Live verification on instance1 (cluster = `["does-not-exist-historian.invalid", "localhost"]`, `FailureCooldownSeconds=30`):
**Failover cycle 1** (fresh picker state, both nodes healthy):
```
2026-04-13 11:27:25.381 [WRN] Historian node does-not-exist-historian.invalid failed during connect attempt; trying next candidate
2026-04-13 11:27:25.910 [INF] Historian SDK connection opened to localhost:32568
```
- historyread returned 1 value successfully (`Queries: 1 (Success: 1, Failure: 0)`).
- Dashboard: panel yellow, `Cluster: 1 of 2 nodes healthy`, bad node `cooldown` until `11:27:55Z`, `Process Conn: open (localhost)`.
**Cooldown expiry**:
- At 11:29 UTC, the cooldown window had elapsed. Panel back to green, both nodes healthy, but `does-not-exist-historian.invalid` retains `FailureCount=1` and `LastError` as history.
**Failover cycle 2** (service restart to drop persistent connection):
```
2026-04-13 14:00:39.352 [WRN] Historian node does-not-exist-historian.invalid failed during connect attempt; trying next candidate
2026-04-13 14:00:39.885 [INF] Historian SDK connection opened to localhost:32568
```
- historyread returned 1 value successfully on the second restart cycle — proves the picker re-admits a cooled-down node and the whole failover cycle repeats cleanly.

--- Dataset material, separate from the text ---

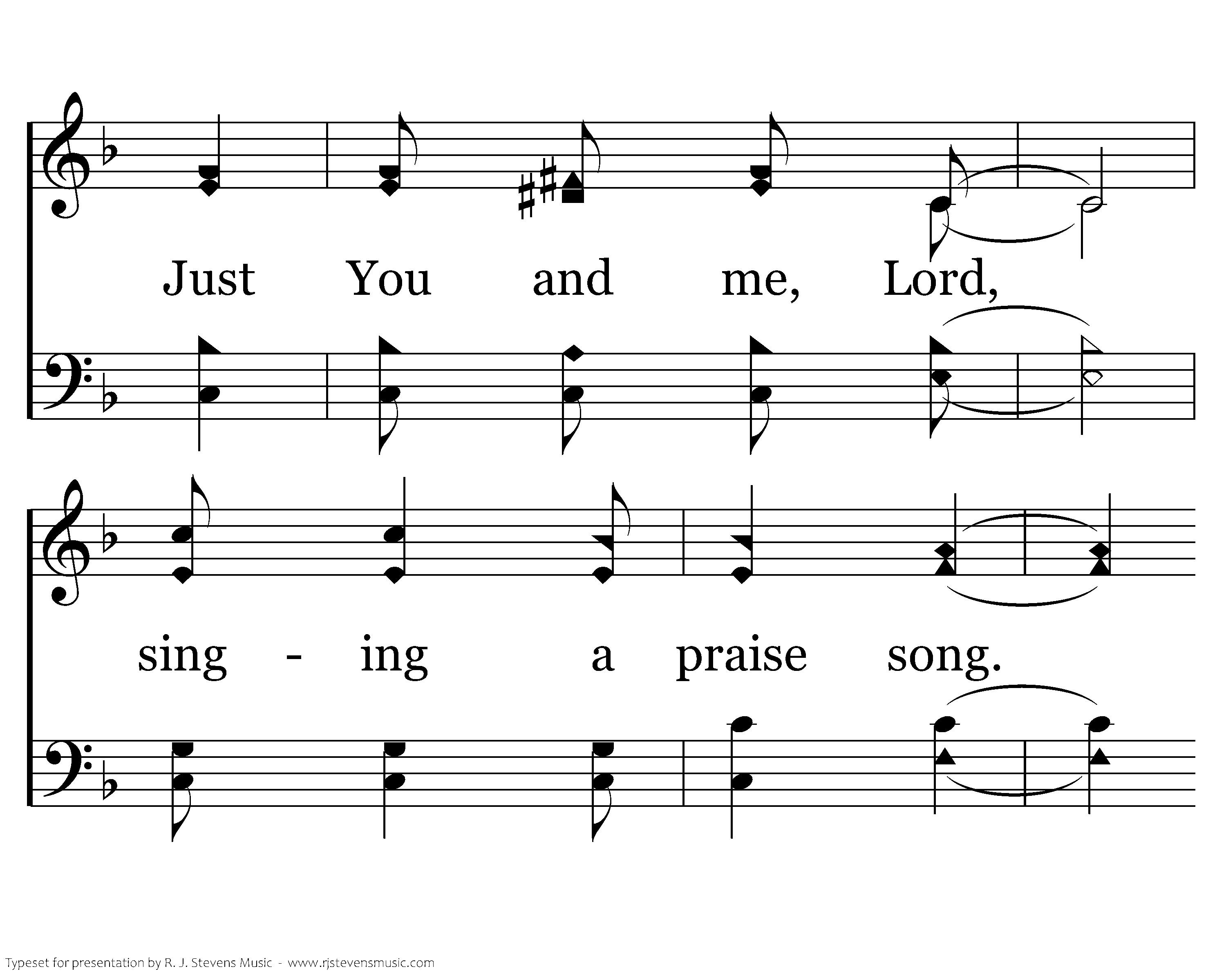 Just You and me, Lord, Going along; Just You and me, Lord, singing a praise song. Just You and me, Lord, As You lead the way. If it's You and me, Lord, It will be a fine day.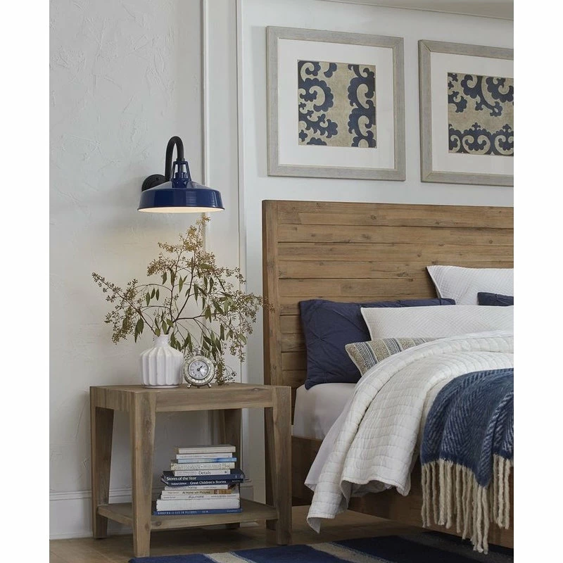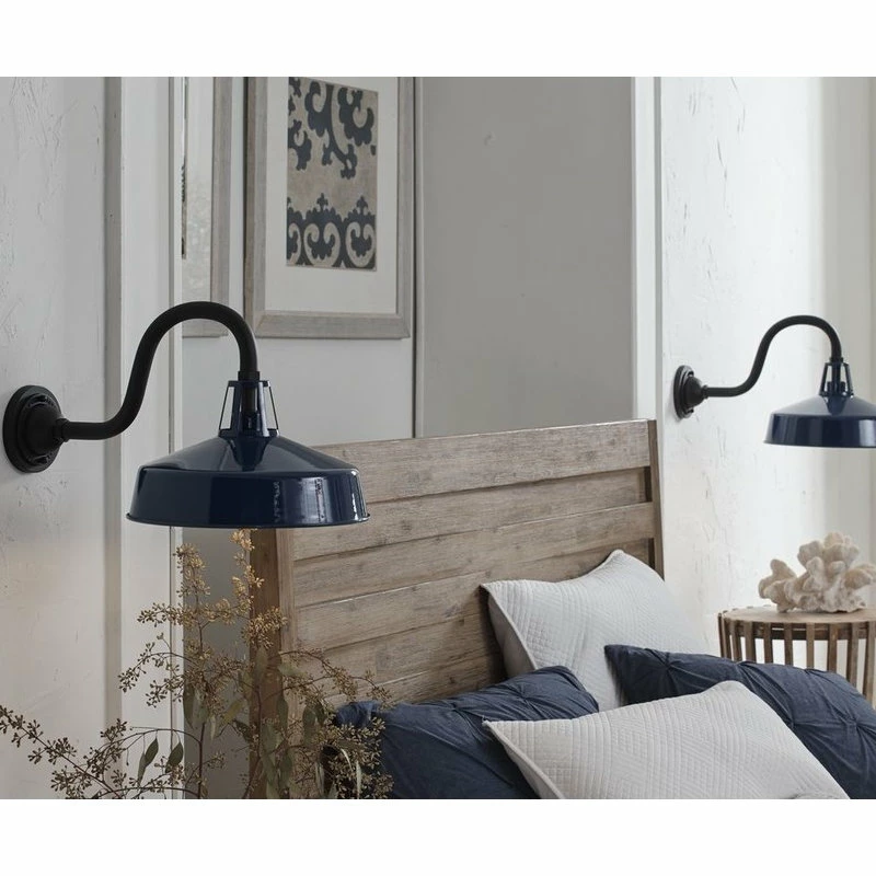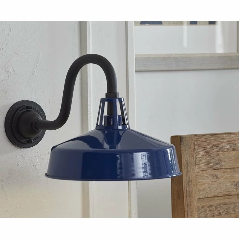 A fun take on the traditional warehouse shade, Cedar Springs can be a stylish addition to any indoor or outdoor space. Offered in a generous size and featuring a black gooseneck arm style and navy shade, this classic Farmhouse fixture serves as an eye-catching addition to a variety of facades.

**Single-node restoration**:
- Changed instance1 back to `"ServerNames": []`, restarted. Dashboard renders `Node: localhost` (no cluster table), panel green, backward compat verified.
Final configuration: both instances running with empty `ServerNames` (single-node mode). `LmxOpcUa` PID 31064, `LmxOpcUa2` PID 15012.
Operator configuration shape:
```json
"Historian": {
"Enabled": true,
"ServerName": "localhost", // ignored when ServerNames is non-empty
"ServerNames": ["historian-a", "historian-b"],
"FailureCooldownSeconds": 60,
...
}
```
## Notes
The service deployment and restart succeeded. The live CLI checks confirm the endpoint is reachable and that the array node identifier has changed to the bracketless form. The array value on the live service still prints as blank even though the status is good, so if this environment should have populated `MoveInPartNumbers`, the runtime data path still needs follow-up investigation.